P.S. I was wondering, would that view of- the words being all that's needed be a "bible-based church" view only, or are there other churches that share it?

I read something about luther saying that baptism was absolutely necessary for salvation, and I know that peter said that it was our baptism that saved us (not just the washing of water from the flesh but the pledge of good conscience to God I was wondering, surely, the man there had no chance to obey such rituals, and as it is the response of good conscience in baptism, and obediance that saves, it only applies to those able to obey, that they must be baptised, or so I have read on sites of western orthodoxy.

Is this article advocating that repentance, and baptism, are unnecessary. I doubt it is, but I would like clarification.
biblestuff
9/5/2007 1:33 PM
Indeed, max Lucado always offers brilliant articles.

My only issue was his "no purgatory cleansing"

Surely, God dissaplins those he loves,

Was not the early persecution of those mentioned in Hebrews such.

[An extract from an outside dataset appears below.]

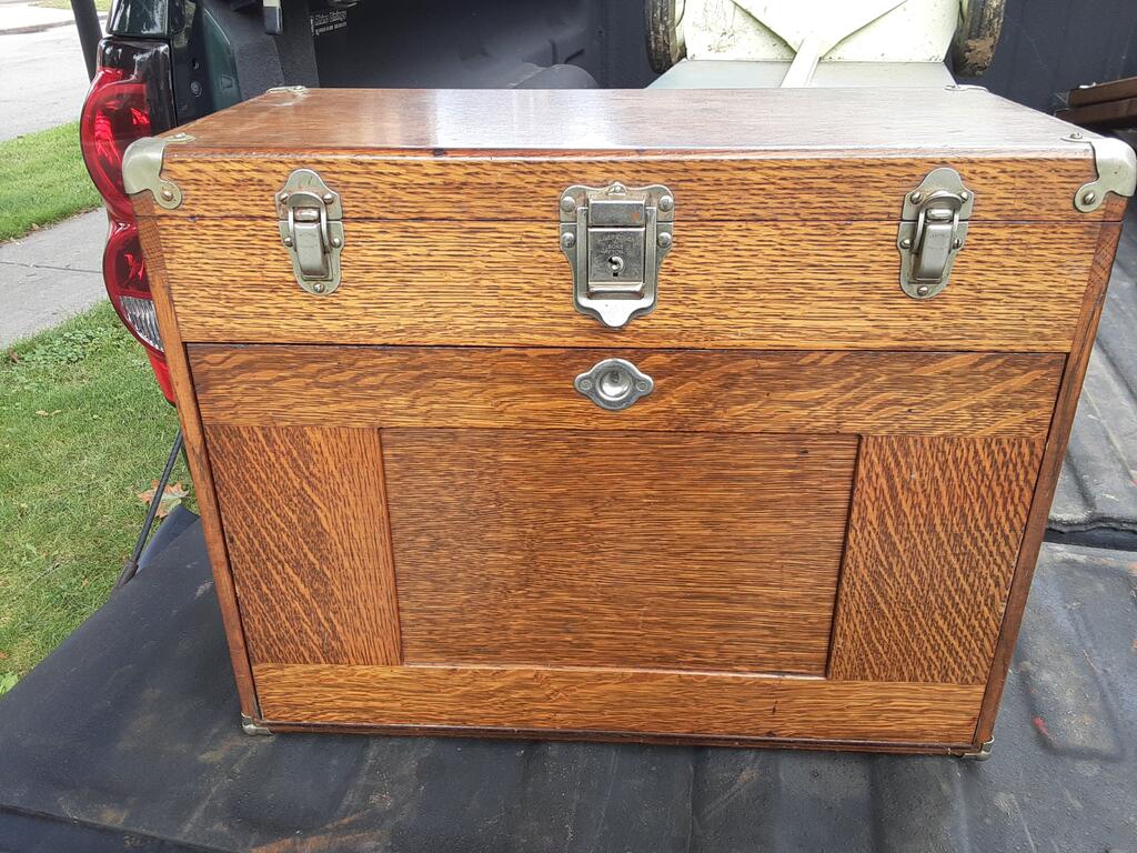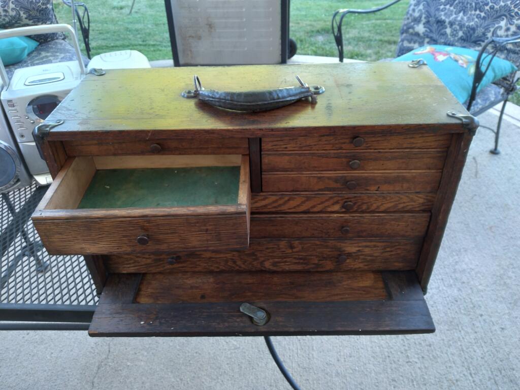 formariz 12,352 #1 Posted December 22, 2023 I was offered this vintage machinists tool box by @Handy Don who was kind enough to even bring it to me. It is from the 50s. It was missing two drawers and at some time in its life it was exposed to water. Some veneer in back had delaminated and broken off. As soon as he offered it I knew right away its future function. My oldest son has given similar machinists boxes , but in metal to each one of the boys. So I am giving this one to my granddaughter. She can keep her little stuff in it and it can also be a future jewelry box. It’s Union Tool Chest model B20 from 1950. It is stamped on the interior with number 394 which I am sure it’s the serial #. Made two new drawers and repaired veneer. Also lined all the drawers with new felt this time lining the entire inside surface of drawers . Removed the old damaged finish , restained it and applied some wipe on poly . Finally cleaned and reinstalled all hardware. Even found a reproduction factory tag for it. I just need to find two correct little pulls for new drawers. Rather than being discarded it now will have a new life and purpose for at least another generation. Thank you @Handy Don Before After Before After 2 16 4 Share this post Link to post Share on other sites

Also, why did God made those who did not "descern his body" in communion sick, or even kill them. Again. I hav the greatest of joy in the good Max lucado does. My only issue is that of no punishment. Surely, the gospel is not the end of pain or punishment. Jesus did not lift he thief off the cross. Rather, it is the option of becoming allies, friends, children of God, who seeks to conform us to his image, for nothing impre can enter heaven, surely, if some of us are saved as though through fire, yet while losing much, gain ourselves, then a kind washing before heaven, like mouthwash, or wedding ppreparations, such as bathing in the morning before, is but appropriate. Yet, the message of hope is there. If we choose to turn to God, it is because God has chosen for us too. :)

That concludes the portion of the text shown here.